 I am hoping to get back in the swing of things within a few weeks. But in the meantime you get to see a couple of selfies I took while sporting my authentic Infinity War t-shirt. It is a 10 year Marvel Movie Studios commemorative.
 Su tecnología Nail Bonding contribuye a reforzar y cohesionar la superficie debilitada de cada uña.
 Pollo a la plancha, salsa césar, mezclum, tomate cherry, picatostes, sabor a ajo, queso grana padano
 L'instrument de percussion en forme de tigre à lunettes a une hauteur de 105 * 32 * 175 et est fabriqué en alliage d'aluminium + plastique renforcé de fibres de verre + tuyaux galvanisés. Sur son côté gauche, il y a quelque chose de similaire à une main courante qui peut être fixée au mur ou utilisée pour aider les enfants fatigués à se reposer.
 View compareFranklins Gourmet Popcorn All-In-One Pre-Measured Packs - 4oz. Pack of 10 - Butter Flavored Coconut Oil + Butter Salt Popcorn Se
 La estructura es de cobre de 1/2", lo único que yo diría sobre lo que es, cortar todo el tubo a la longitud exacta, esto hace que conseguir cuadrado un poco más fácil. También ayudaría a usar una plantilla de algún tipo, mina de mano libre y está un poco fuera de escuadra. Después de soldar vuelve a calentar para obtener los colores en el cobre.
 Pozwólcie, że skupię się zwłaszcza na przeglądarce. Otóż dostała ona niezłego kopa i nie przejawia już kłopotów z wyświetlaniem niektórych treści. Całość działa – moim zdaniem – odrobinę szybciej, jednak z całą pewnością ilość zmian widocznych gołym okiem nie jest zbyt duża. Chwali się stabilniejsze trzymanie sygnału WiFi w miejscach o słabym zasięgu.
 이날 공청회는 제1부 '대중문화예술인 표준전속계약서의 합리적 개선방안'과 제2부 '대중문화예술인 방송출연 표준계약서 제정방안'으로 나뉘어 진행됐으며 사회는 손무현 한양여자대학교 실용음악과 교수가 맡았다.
┄┄┄┄┄┄┄┄┄┄┄┄┄┄┄┄┄┄┄┄
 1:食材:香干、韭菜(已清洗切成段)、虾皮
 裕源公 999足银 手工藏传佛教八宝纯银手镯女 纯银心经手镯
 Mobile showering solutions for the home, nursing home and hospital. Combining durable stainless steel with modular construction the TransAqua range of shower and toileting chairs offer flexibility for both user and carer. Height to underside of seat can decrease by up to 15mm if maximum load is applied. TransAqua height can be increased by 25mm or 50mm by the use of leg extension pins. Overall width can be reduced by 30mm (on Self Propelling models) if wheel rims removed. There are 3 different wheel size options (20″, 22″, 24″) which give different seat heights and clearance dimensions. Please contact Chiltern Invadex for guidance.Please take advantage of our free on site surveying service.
┄┄┄┄┄┄┄┄┄┄┄┄┄┄┄┄┄┄┄┄
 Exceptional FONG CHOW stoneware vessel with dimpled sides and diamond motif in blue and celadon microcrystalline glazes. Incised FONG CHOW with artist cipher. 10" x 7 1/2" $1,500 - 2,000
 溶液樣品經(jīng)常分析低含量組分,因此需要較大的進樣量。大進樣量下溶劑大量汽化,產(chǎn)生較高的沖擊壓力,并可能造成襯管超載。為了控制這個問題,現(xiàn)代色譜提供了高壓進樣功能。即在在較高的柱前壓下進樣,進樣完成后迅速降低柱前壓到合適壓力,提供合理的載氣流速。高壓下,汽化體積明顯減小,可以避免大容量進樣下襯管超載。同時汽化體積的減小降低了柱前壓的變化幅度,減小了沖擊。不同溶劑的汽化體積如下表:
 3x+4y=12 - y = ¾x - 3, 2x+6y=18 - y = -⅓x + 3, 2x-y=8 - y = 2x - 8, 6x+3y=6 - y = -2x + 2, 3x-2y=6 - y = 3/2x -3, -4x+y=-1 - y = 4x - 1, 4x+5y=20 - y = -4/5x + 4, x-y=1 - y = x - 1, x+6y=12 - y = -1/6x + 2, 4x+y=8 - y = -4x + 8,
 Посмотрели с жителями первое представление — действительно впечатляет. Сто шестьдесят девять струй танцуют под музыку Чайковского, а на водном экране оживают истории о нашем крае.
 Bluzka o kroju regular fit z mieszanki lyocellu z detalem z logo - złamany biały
┄┄┄┄┄┄┄┄┄┄┄┄┄┄┄┄┄┄┄┄
(What the exercise asks):
From the listing above, output exactly the run of lines that starts with the line containing "L'instrument de percussion" and ends with the line containing "La estructura es".

(Solution to this task):
 L'instrument de percussion en forme de tigre à lunettes a une hauteur de 105 * 32 * 175 et est fabriqué en alliage d'aluminium + plastique renforcé de fibres de verre + tuyaux galvanisés. Sur son côté gauche, il y a quelque chose de similaire à une main courante qui peut être fixée au mur ou utilisée pour aider les enfants fatigués à se reposer.
 View compareFranklins Gourmet Popcorn All-In-One Pre-Measured Packs - 4oz. Pack of 10 - Butter Flavored Coconut Oil + Butter Salt Popcorn Se
 La estructura es de cobre de 1/2", lo único que yo diría sobre lo que es, cortar todo el tubo a la longitud exacta, esto hace que conseguir cuadrado un poco más fácil. También ayudaría a usar una plantilla de algún tipo, mina de mano libre y está un poco fuera de escuadra. Después de soldar vuelve a calentar para obtener los colores en el cobre.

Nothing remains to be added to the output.